KPSI-FM
- Palm Springs, California; United States;
- Broadcast area: Coachella Valley
- Frequency: 100.5 MHz
- Branding: Mix 100.5

Programming
- Format: Hot adult contemporary
- Affiliations: Premiere Networks

Ownership
- Owner: Connoisseur Media; (Alpha Media Licensee LLC);
- Sister stations: KCLB-FM; KCLZ; KDES-FM; KDGL; KKUU; KNWZ;

History
- First air date: June 13, 1980
- Former frequencies: 100.9 MHz (1980–1991)
- Call sign meaning: Palm Springs

Technical information
- Licensing authority: FCC
- Facility ID: 35497
- Class: B1
- ERP: 25,000 watts
- HAAT: 37 meters (121 ft)

Links
- Public license information: Public file; LMS;
- Webcast: Listen live; Listen live (via iHeartRadio);
- Website: mix1005.fm

= KPSI-FM =

Radio station in Palm Springs, California

KPSI-FM (100.5 FM, "Mix 100.5") is a commercial radio station licensed to Palm Springs, California, United States, and serving the Coachella Valley.

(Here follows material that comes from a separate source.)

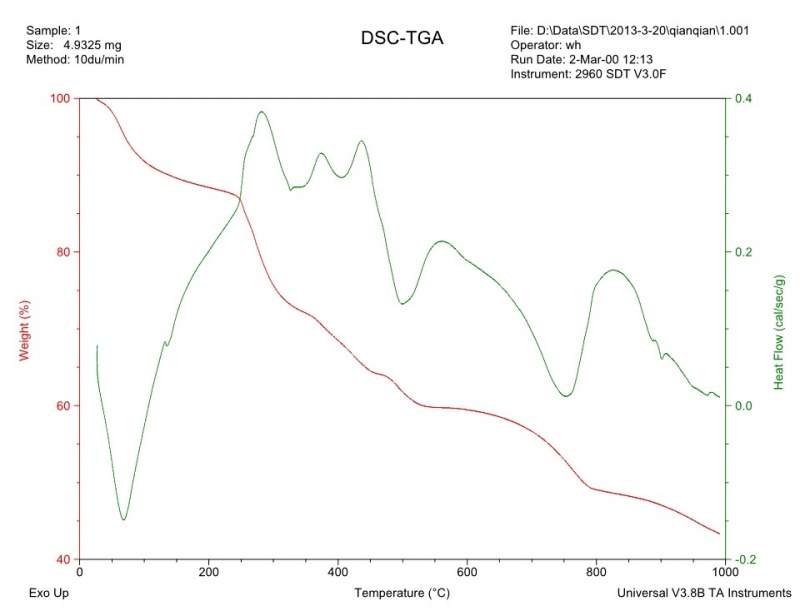 我用草酸钛钾、硝酸、硝酸锶制成胶体后煅烧合成钛酸锶,请问它的TG-DSC图谱该如何分析?求高人指点

Owned by Connoisseur Media, it airs a hot adult contemporary format with studios on Gene Autry Trail in Palm Springs and transmitter sited off Bennett Road in Desert Hot Springs.

==History==
KPSI-FM signed on the air on June 13, 1960, as the FM counterpart to KPSI (1450 AM). They were owned by the KPSI Radio Corporation. KPSI-FM originally broadcast on 100.9 FM, powered only at 3000 watts. At the time, the station aired a top 40/contemporary hit radio format branded as "KPSI-101" and later "Power 101".

Previous logo

In November 1991, the frequency was changed to 100.5, which also allowed KPSI-FM to boost its power to 25000 watts. On March 19, 2002, KPSI-FM dropped the top 40 sound, changing to its current hot adult contemporary music format and "Mix 100.5" branding.